[[ The data open ]]

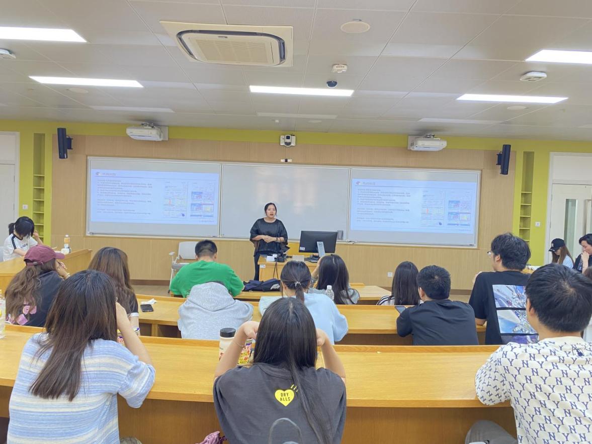 5月20日,蔓森——上海浙唐文化传播有限公司总经理在3305教室为85名学生介绍公司核心业务、发展规划、企业文化与福利待遇。互动环节中,总经理分享职场经验与求职技巧,众多学生现场提交简历,表达入职意愿。
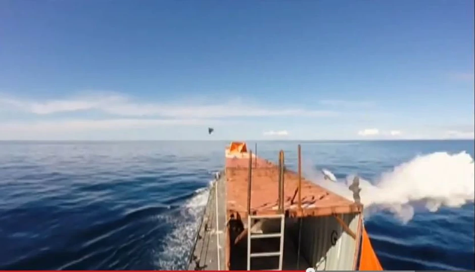 Iako na snimku deluje da barem jedan od golubova nije preživeo trenutak kada "tomahavk" probija zid od naslaganih brodskih kontejnera, autor klipa tvrdi da su obe ptice preživele.
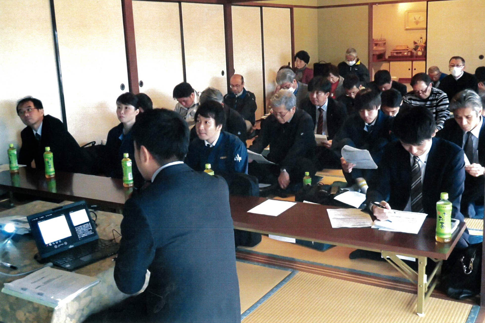年間を通した振り返りやこれからの活動目標を全体で再認識して、改めて自分たちで取り組める安全活動と取り組みは何かを考えます。これまでの研修会で培ってきたノウハウを共有していくことで、自分たちが持っている意識の擦り合わせを行っていきます。またセミナーが終了した際に、地域住民の方々も招いて、出雲市から獅子舞いを呼び、1年間無事で健康に過ごせるよう全員で厄払いを行います。社員だけでは終わらず、地域の方々と一心同体となって交流を行っていくことも三光汽船は大事にしています。
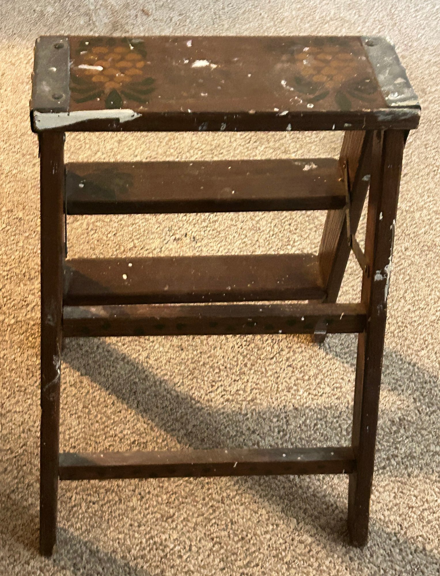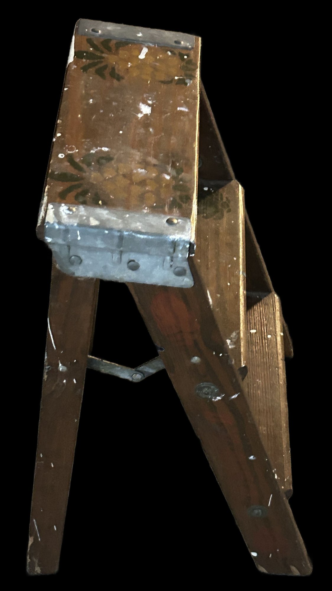 Vintage Wooden 2-Step Ladder With Pineapple Stencil, 13" X 18" X 22"H
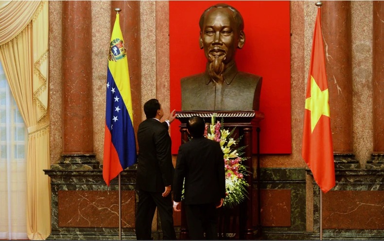 Chủ tịch Đảng Xã hội chủ nghĩa Thống nhất (PSUV), Tổng thống Venezuela Nicolas Maduro và nguyên Chủ tịch nước Trương Tấn Sang trong chuyến thăm Việt Nam năm 2015 (Ảnh do Đại sứ quán Việt Nam tại Venezuela cung cấp)
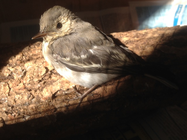 25.05.2014: eine Bachstelze wurde bei mir abgegeben. Ein fast erwachsenes Tier, hatte wohl einen Autounfall und ist etwas schief. Solche Patienten habe ich nach Unfällen immer wieder, die Chancen sind sehr unterschiedlich.

[[ The data closed ]]

__Work item__
What is needed is a word-for-word copy of the data, minus its pictures.

__Result of the exercise__
 5月20日,蔓森——上海浙唐文化传播有限公司总经理在3305教室为85名学生介绍公司核心业务、发展规划、企业文化与福利待遇。互动环节中,总经理分享职场经验与求职技巧,众多学生现场提交简历,表达入职意愿。
 Iako na snimku deluje da barem jedan od golubova nije preživeo trenutak kada "tomahavk" probija zid od naslaganih brodskih kontejnera, autor klipa tvrdi da su obe ptice preživele.
年間を通した振り返りやこれからの活動目標を全体で再認識して、改めて自分たちで取り組める安全活動と取り組みは何かを考えます。これまでの研修会で培ってきたノウハウを共有していくことで、自分たちが持っている意識の擦り合わせを行っていきます。またセミナーが終了した際に、地域住民の方々も招いて、出雲市から獅子舞いを呼び、1年間無事で健康に過ごせるよう全員で厄払いを行います。社員だけでは終わらず、地域の方々と一心同体となって交流を行っていくことも三光汽船は大事にしています。
 Vintage Wooden 2-Step Ladder With Pineapple Stencil, 13" X 18" X 22"H
 Chủ tịch Đảng Xã hội chủ nghĩa Thống nhất (PSUV), Tổng thống Venezuela Nicolas Maduro và nguyên Chủ tịch nước Trương Tấn Sang trong chuyến thăm Việt Nam năm 2015 (Ảnh do Đại sứ quán Việt Nam tại Venezuela cung cấp)
 25.05.2014: eine Bachstelze wurde bei mir abgegeben. Ein fast erwachsenes Tier, hatte wohl einen Autounfall und ist etwas schief. Solche Patienten habe ich nach Unfällen immer wieder, die Chancen sind sehr unterschiedlich.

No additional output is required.